Unexpected Consequences: The Constitutional Implications of Federal Prison Policy for Offenders Considering Abortion
Claire Bernice Deason
affiliation not provided to SSRN
May 5, 2009
Minnesota Law Review, Vol. 93, No. 4, 2009
As many as 6,000 women are pregnant in prison in the United States. The option of abortion is particularly suited for these women, who struggle with public assistance, drug addiction, or who are at risk of losing their child to the foster system. The Bureau of Prisons policies governing abortion in prison effectively require potentially coercive religious counseling, empower prison administrators to “pass the buck” and control abortion access, and disregard the time constraints associated with pregnancy.
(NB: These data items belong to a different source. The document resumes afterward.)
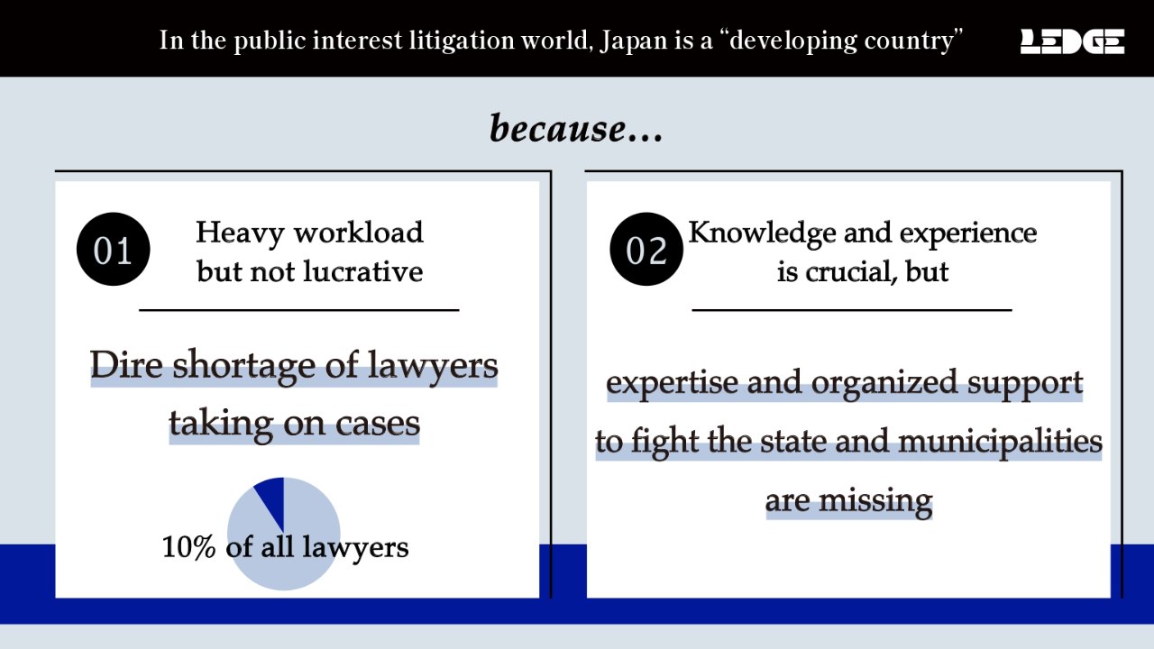 In Japan, there is a dire shortage of lawyers who work on public interest litigation, because it is not lucrative–lawyers work on a pro bono basis, even paying expenses like their own fees and litigation costs out of pocket, and devote a significant amount of time to them. Even active lawyers who are passionate about bringing about change would work on only 2 to 3 cases at most in their lifetime.
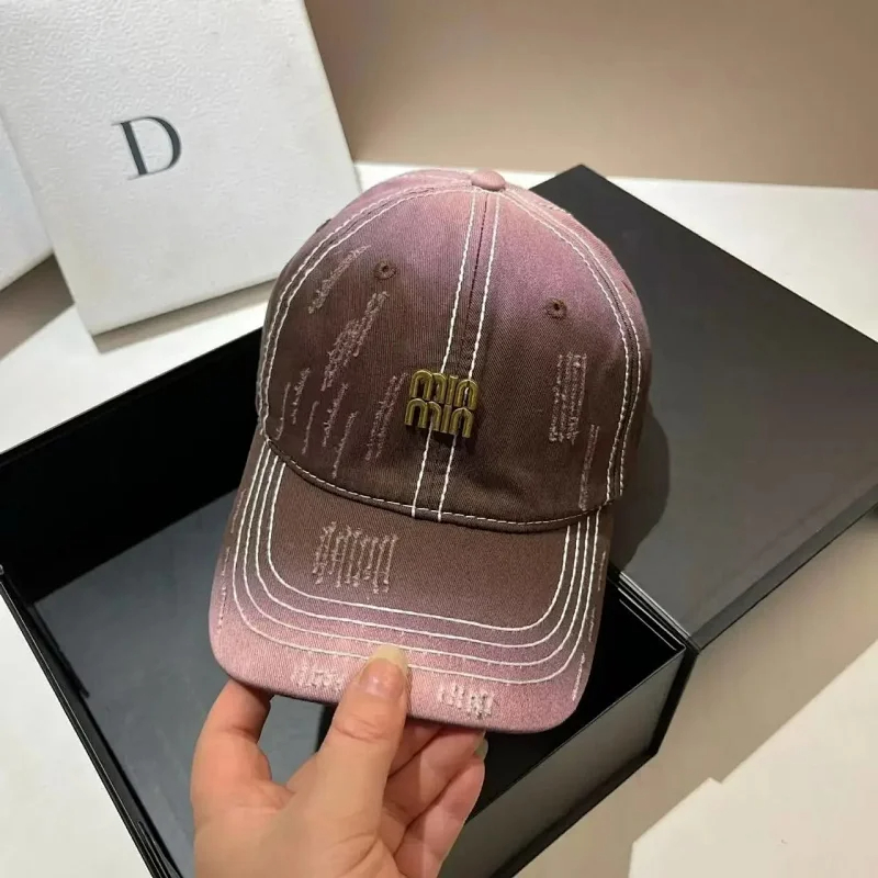 Home > Miu Miu Distressed soft top denim cotton sun protection baseball cap-2728
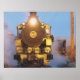 A locomotiva de Sumpter Valley nº 19 brilha no início da manhã à luz de McEwen Oregon. Foto e design por Cynthia Mayhall Christy
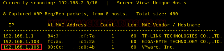We start by scanning the network for targets using Netdiscover.
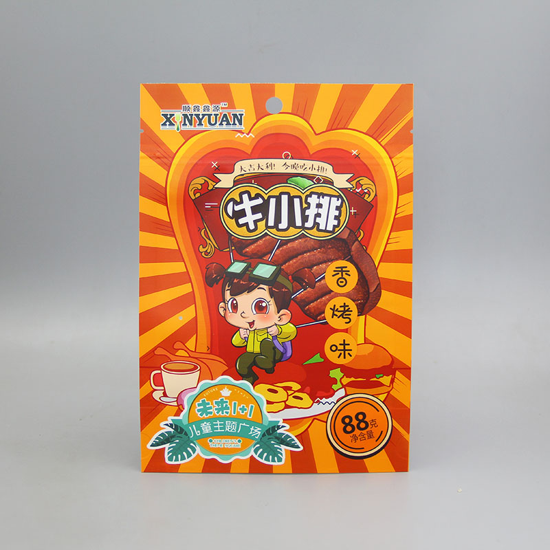 這是我們常見(jiàn)肉干類(lèi)零食的包裝袋,由巨人紙塑包裝公司設(shè)計(jì)生產(chǎn),雖然按照使用角度來(lái)說(shuō)它只是名為“牛小排”的牛肉干包裝袋,但在我們紙塑包裝行業(yè),它也可以稱(chēng)為牛皮紙開(kāi)窗袋、復(fù)合自立袋、自封包裝袋等等。
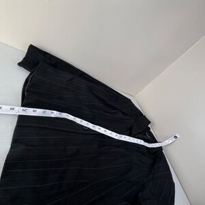The Rafaella Woman's Black Pinstripe Suit in size 20W includes a jacket and pants, making it a 2-piece set perfect for travel, casual, or business occasions. The suit features a no-button jacket with a notch lapel and a regular length, along with a tailored fit and stretch fabric for comfort. Made from a blended fabric of polyester, rayon and spandex, this pant suit is lined and machine washable, making it a versatile and stylish addition to any woman's wardrobe. Approximate measurements: Blazer shoulder pads, 2 button, notch, no pockets, 50" chest, 17" inseam sleeve, 24" outseam sleeve, 27" long, lined. Pants 40" waist, zipper button closure, pockets with buttons, 12" rise, 30" inseam, 40" outseam. Preowned in good condition.
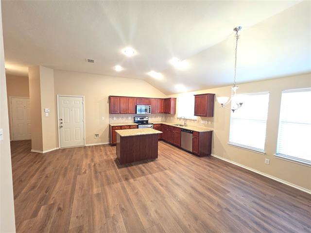 ABSOLUTELY GORGEOUS 4 bedroom home in master planned community. BRAND NEW Luxury Vinyl Plank Flooring in all living and dining areas. BRAND NEW Plumbing and Electric Fixtures throughout. This Mira Lagos Beauty features a large kitchen which overlooks the breakfest nook and family room. The kitchen features stainless steel appliances, built in microwave, GORGEOUS granite countertops, HUGE pantry, and large island. The family room has vaulted ceilings and wood burning fireplace. The Luxurious master suite is oversized and features a vaulted ceiling, elegant master bath with dual sinks, garden tub, and separate shower. The backyard has a large covered patio and nice sized yard with full automatic sprinkler system. Walk to schools, community pool, and fitness center. Mansfield ISD! Don't miss your chance to live the Mira Lagos lifestyle. HURRY!
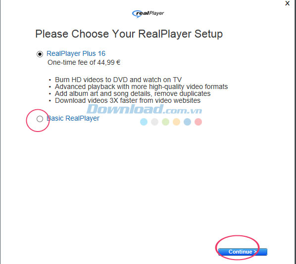 Hãy lựa chọn Basic RealPlayer để tiếp tục quá trình cài đặt và nhấn Continue.
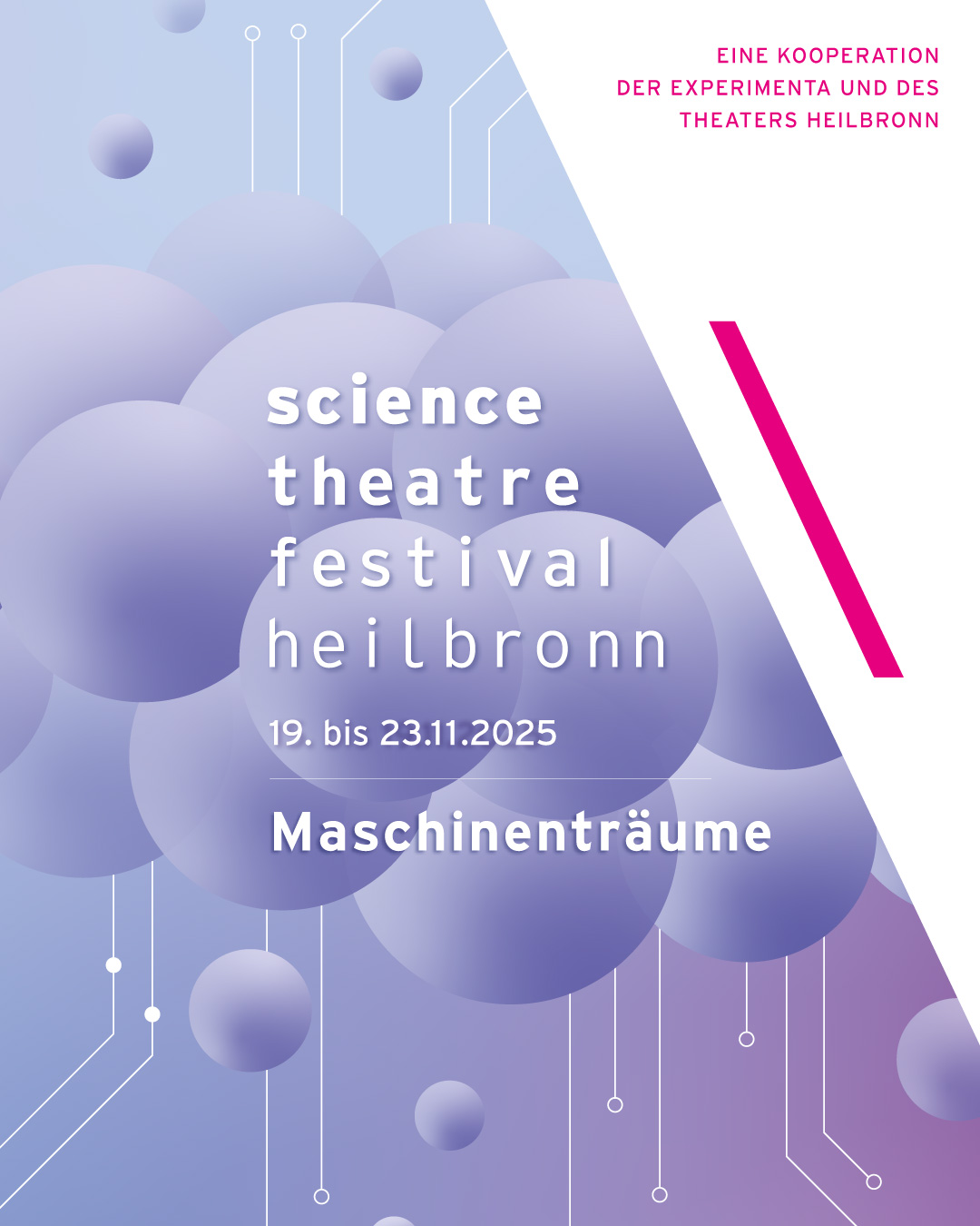 Wir freuen uns, Sie vom 19. bis 23. November 2025 zum »Science & Theatre«-Festival einzuladen, das erneut in Kooperation von Theater Heilbronn und experimenta stattfindet. Unter dem Motto »Maschinenträume« widmen wir uns dem Hot Topic »Emotionale KI«. Spannende Inszenierungen von deutschen und internationalen Theater- und Tanzgruppen erwarten Sie, die Sie nicht nur über die aktuellen Herausforderungen auf dem Gebiet der »Emotionserkennung« ins Nachdenken bringen sollen, sondern auch über das zukünftige Verhältnis von Mensch und Maschine und die damit verbundenen Hoffnungen und Befürchtungen.

Although these federal prison policies are facially constitutional and therefore survive substantive challenges, they are unconstitutional as applied because they deny pregnant offenders the constitutionally protected procedures that should accompany the right to abortion. A simple, albeit surprising, analogy to prison correspondence policies can provide a roadmap for establishing the basic protections of notice and a hearing. These procedural safeguards ensure that incarcerated women have the information they need to make reproductive decisions behind prison walls.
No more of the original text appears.